The Freedom Sessions is an album by Sarah McLachlan which was released on 6 December 1994 on Nettwerk in Canada and on 28 March 1995 on Arista Records in the United States. The album contains previously unreleased alternative versions and remixes of seven songs that had appeared on McLachlan's 1993 album Fumbling Towards Ecstasy, as well as a cover version of "Ol' '55" by Tom Waits. Many of the tracks were recorded during the same sessions as Fumbling. In subsequent live performances, some of these songs (most notably "Ice Cream" and "Hold On") were reworked to match the style in which they were played on this album.

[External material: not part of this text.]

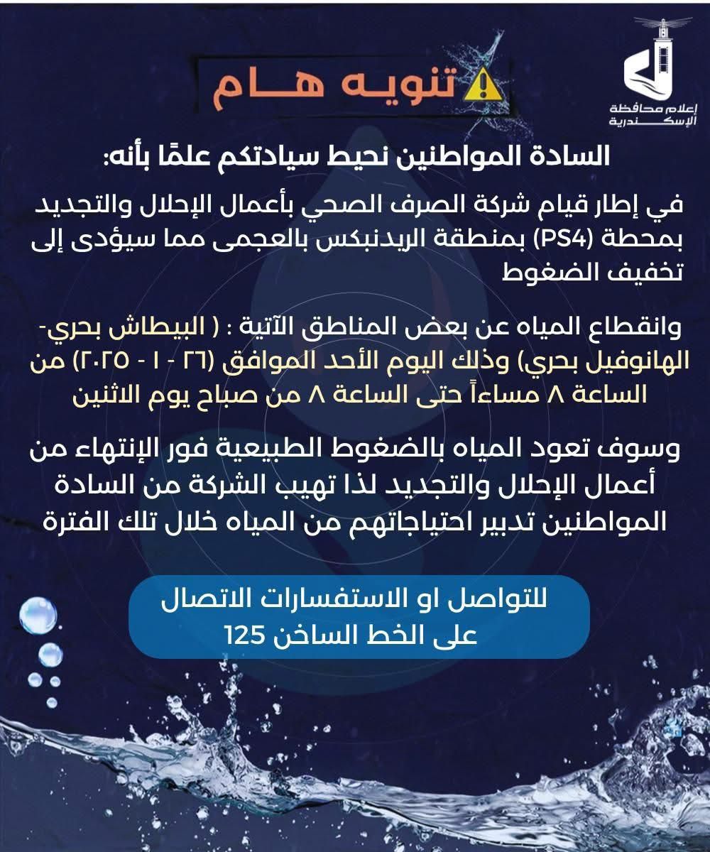أعلنت محافظة الإسكندرية عن تخفيف الضغوط وإنقطاع المياه عن بعض المناطق الأتية: (البيطاش بحري-الهانوفيل بحري) اليوم من الساعة ٨ مساءاً حتى الساعة ٨ من صباح غدا الاثنين الموافق ٢٧-١-٢٠٢٥.

The album was released in two versions: a standard CD, and an enhanced CD containing CD-ROM bonus material including interviews and music videos. The album was one of the first major enhanced CD releases, and sold more than 200,000 units. As Toronto Star writer Peter Howell describes, The Freedom Sessions has "the distinction of being the first CD-ROM disc ever to chart on the influential Billboard Top 200 Albums chart".

Professional ratings
Review scores
| Source | Rating |
| Allmusic | link |
| Rolling Stone | link |

==Track listing==
All songs by McLachlan, unless otherwise noted.

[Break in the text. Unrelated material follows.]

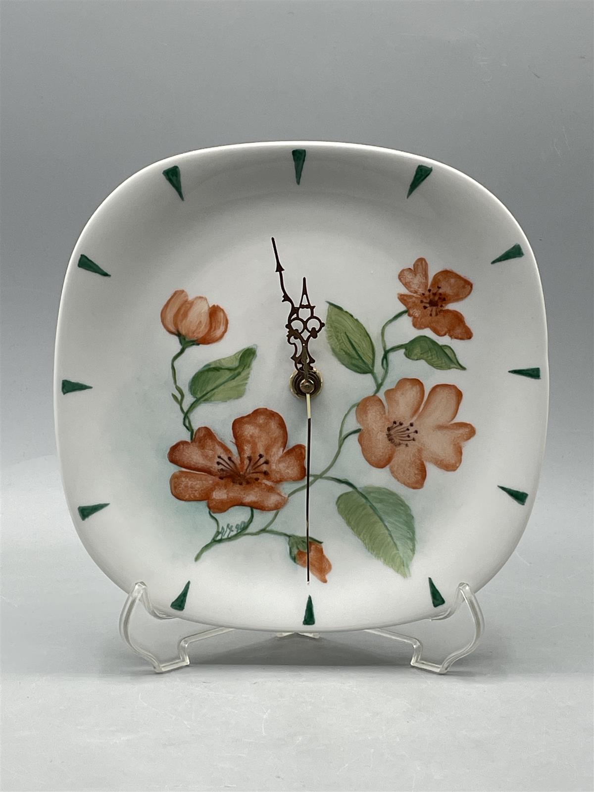 Seinäkello, jossa on käsinmaalatut oranssit kukkakuviot ja vihreät lehdet. Kellotaulussa on vihreät tuntimerkinnät ja koristeelliset viisarit. Kello on valmistettu posliinista ja siinä on kvartsikoneisto takana. 1xAA paristo (ei mukana).

=== CD: Standard release ===

1. "Elsewhere" – 4:33
2. "Plenty" – 3:20
3. "Mary" – 3:55
4. "Good Enough" – 3:20
5. "Hold On" – 6:43
6. "Ice Cream" – 2:30
7. "Ice" – 3:58
8. "Ol' '55" (Tom Waits) – 4:12

=== CD: Nettwerk / W2-36321 (Canada) ===

1. Data Track
2. "Elsewhere" – 4:33
3. "Plenty" – 3:20
4. "Mary" – 3:55
5. "Good Enough" – 3:20
6. "Hold On" – 6:43
7. "Ice Cream" – 2:30
8. "Ice" – 3:58
9. "Ol' '55" (Tom Waits) – 9:33

- Enhanced v2.0 release
- "Ol' '55" is followed by a second version of "Hold On" 4:52 which starts at 4:41

==Personnel==
- Sarah McLachlan - Vocals, Acoustic & Electric Guitars, Piano, Keyboards
- Luke Doucet - Slide Acoustic Guitar
- David Sinclair - Acoustic Guitar
- Pierre Marchand - Bass, Orchestra, Drum Programming, Percussion, Background Vocals
- Brian Minato - Bass
- David Kershaw - Bass, Piano, Hammond Organ
- Camille Henderson - Background Vocals
- Ashwin Sood - Drums, Djembe

==Charts==

| Chart (1994–95) | Peak position |
|---|---|
| Canada Top Albums/CDs (RPM) | 36 |
| US Billboard 200 | 78 |

==Certifications and sales==

| Region | Certification | Certified units/sales |
| Canada (Music Canada) | Platinum | 100,000^{^} |
| United States (RIAA) | Gold | 500,000^{^} |
^{^} Shipments figures based on certification alone.